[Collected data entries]
* * * * * * * * *
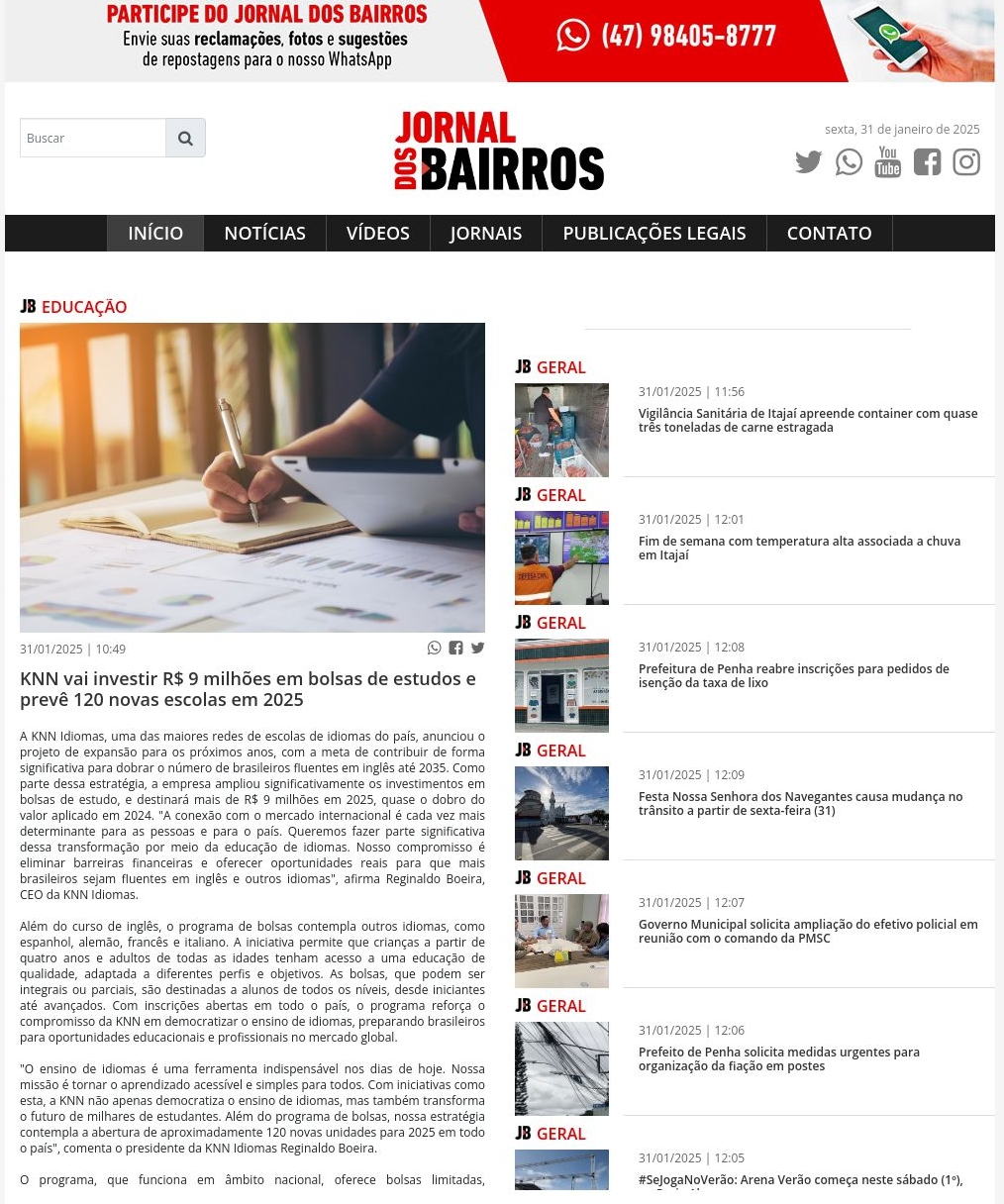 31/01/2025 - Jornal dos Bairros Itajaí
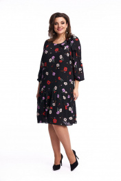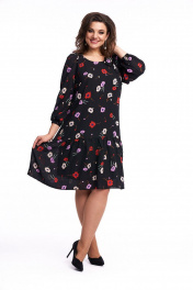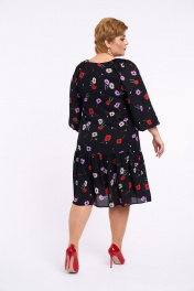 Платье женское, А – силуэта, выполнено из шифоновой ткани на трикотажной подкладке. Вырез горловины овальный. По переду расположены нагрудные вытачки. По переду и спинке имеется собранный на сборку волан низа. Рукав реглан, широкий, собран на резинку вверху и внизу. В качестве декора рукава служит лента из основной ткани, завязанная на бант. Платье может быть нарядным, а также использоваться для работы в офисе и школах, удобное, силуэт скрывает недостатки и подчёркивает достоинства фигуры, не сковывает движение. Длина платья по спинке 99 см, длина рукава от горловины 64 см. Параметры модели в 50 размере: ОГ 102 см, ОТ 104см, ОБ 111 см; параметры в 52 размере ОГ 106см, ОТ 108 см, ОБ 115см; параметры в 54 размере ОГ 110см, ОТ 112см, ОБ 119см
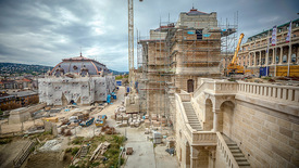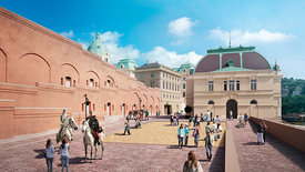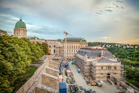 A budai Vár déli részén sétálva egyre jobban kirajzolódik a Nemzeti Hauszmann Terv keretében újjáépülő Csikós udvar épületegyüttese. Az impozáns látványt nyújtó Stöckl-lépcső gyakorlatilag már elkészült. A lovarda falait védőháló borítja, de a tetőben és néhány kivillanó kőfaragványban már lehet gyönyörködni, valamint egyre látványosabb a még teljesen felállványozott főőrségi épület is.
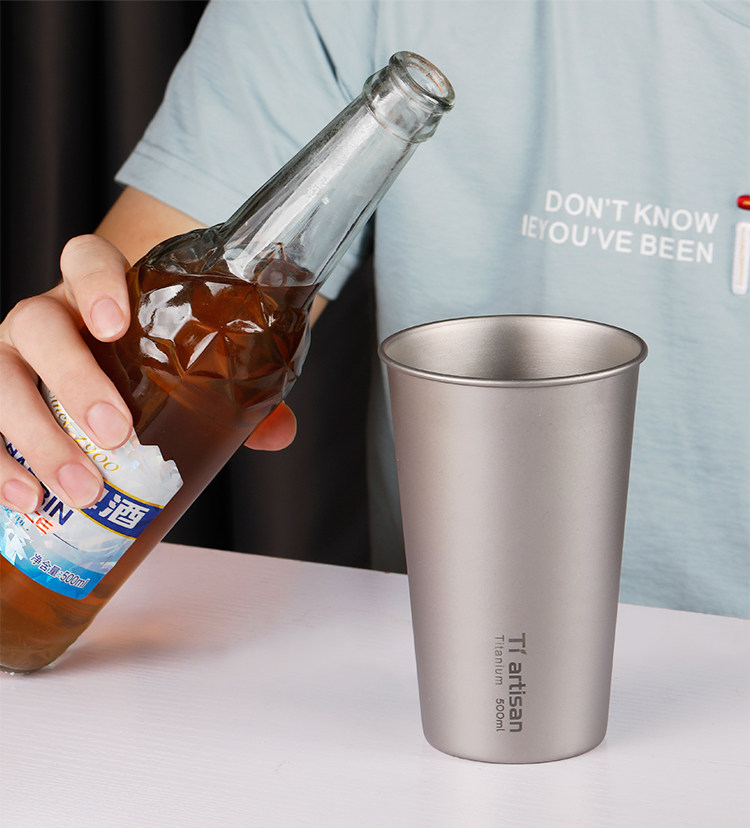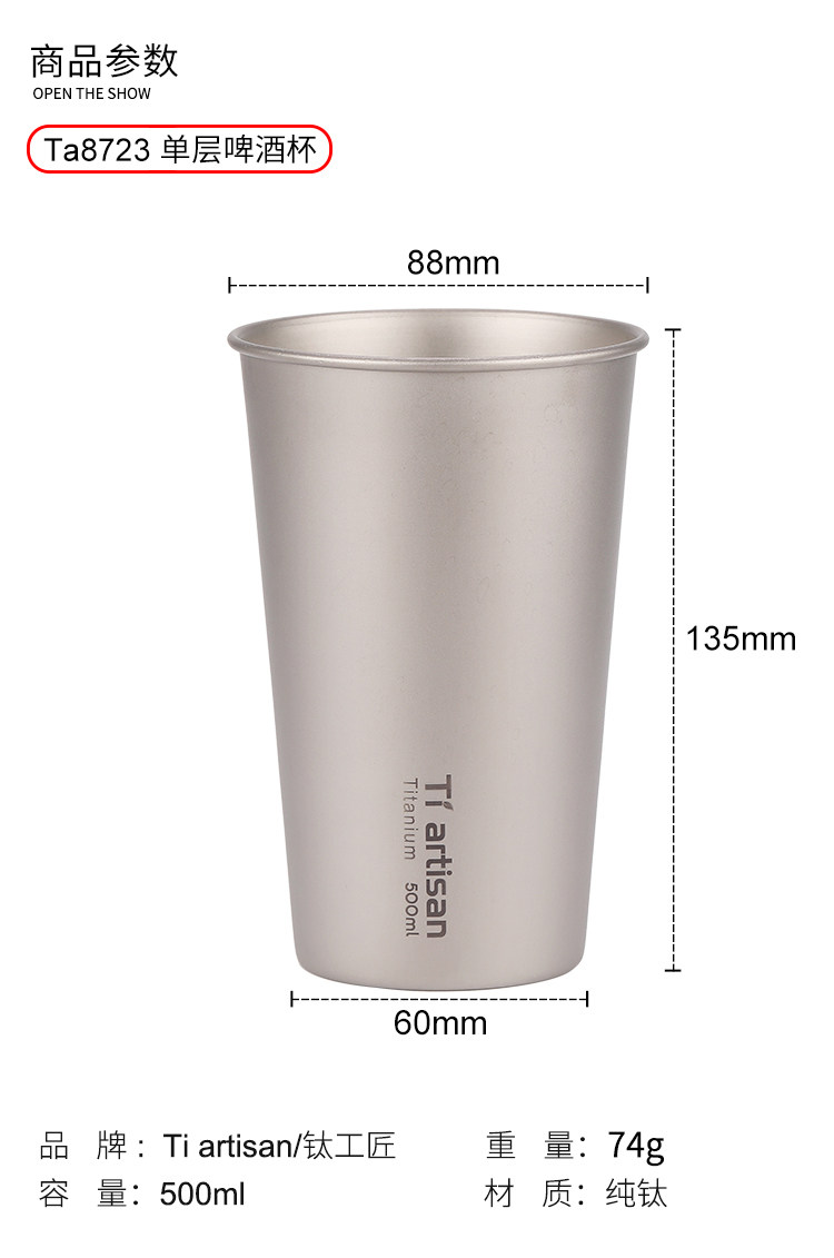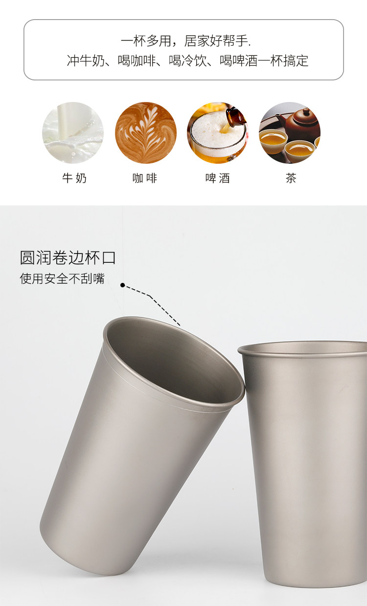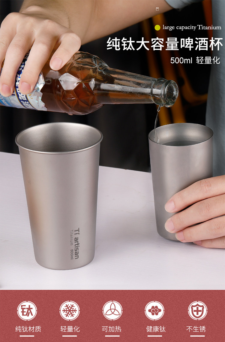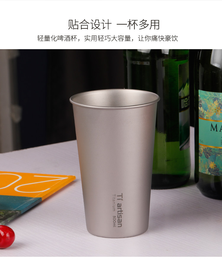 鈦工匠戶外純鈦啤酒杯旅行輕可攜式家用果汁杯喝茶鈦杯單層500ml
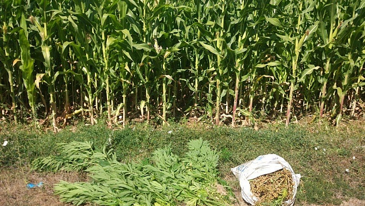 Operasyonda M.P’nin mısırların arasına ekilmiş 70 kök Hint keneviri, tarla içinde kesilerek kurutulmaya bırakılmış bin 400 gram esrar, evin yanında odunların içine gizlenmiş 151 gram esrar ile hassas terazi, M.P. ile Babası R.P. ortak ahır olarak kullanımda bulunan kısımda
* * * * * * * * *
* The task *
Your answer is an exact copy of the records above, stripped of pictures.

* Problem solution *
 31/01/2025 - Jornal dos Bairros Itajaí
 Платье женское, А – силуэта, выполнено из шифоновой ткани на трикотажной подкладке. Вырез горловины овальный. По переду расположены нагрудные вытачки. По переду и спинке имеется собранный на сборку волан низа. Рукав реглан, широкий, собран на резинку вверху и внизу. В качестве декора рукава служит лента из основной ткани, завязанная на бант. Платье может быть нарядным, а также использоваться для работы в офисе и школах, удобное, силуэт скрывает недостатки и подчёркивает достоинства фигуры, не сковывает движение. Длина платья по спинке 99 см, длина рукава от горловины 64 см. Параметры модели в 50 размере: ОГ 102 см, ОТ 104см, ОБ 111 см; параметры в 52 размере ОГ 106см, ОТ 108 см, ОБ 115см; параметры в 54 размере ОГ 110см, ОТ 112см, ОБ 119см
 A budai Vár déli részén sétálva egyre jobban kirajzolódik a Nemzeti Hauszmann Terv keretében újjáépülő Csikós udvar épületegyüttese. Az impozáns látványt nyújtó Stöckl-lépcső gyakorlatilag már elkészült. A lovarda falait védőháló borítja, de a tetőben és néhány kivillanó kőfaragványban már lehet gyönyörködni, valamint egyre látványosabb a még teljesen felállványozott főőrségi épület is.
 鈦工匠戶外純鈦啤酒杯旅行輕可攜式家用果汁杯喝茶鈦杯單層500ml
 Operasyonda M.P’nin mısırların arasına ekilmiş 70 kök Hint keneviri, tarla içinde kesilerek kurutulmaya bırakılmış bin 400 gram esrar, evin yanında odunların içine gizlenmiş 151 gram esrar ile hassas terazi, M.P. ile Babası R.P. ortak ahır olarak kullanımda bulunan kısımda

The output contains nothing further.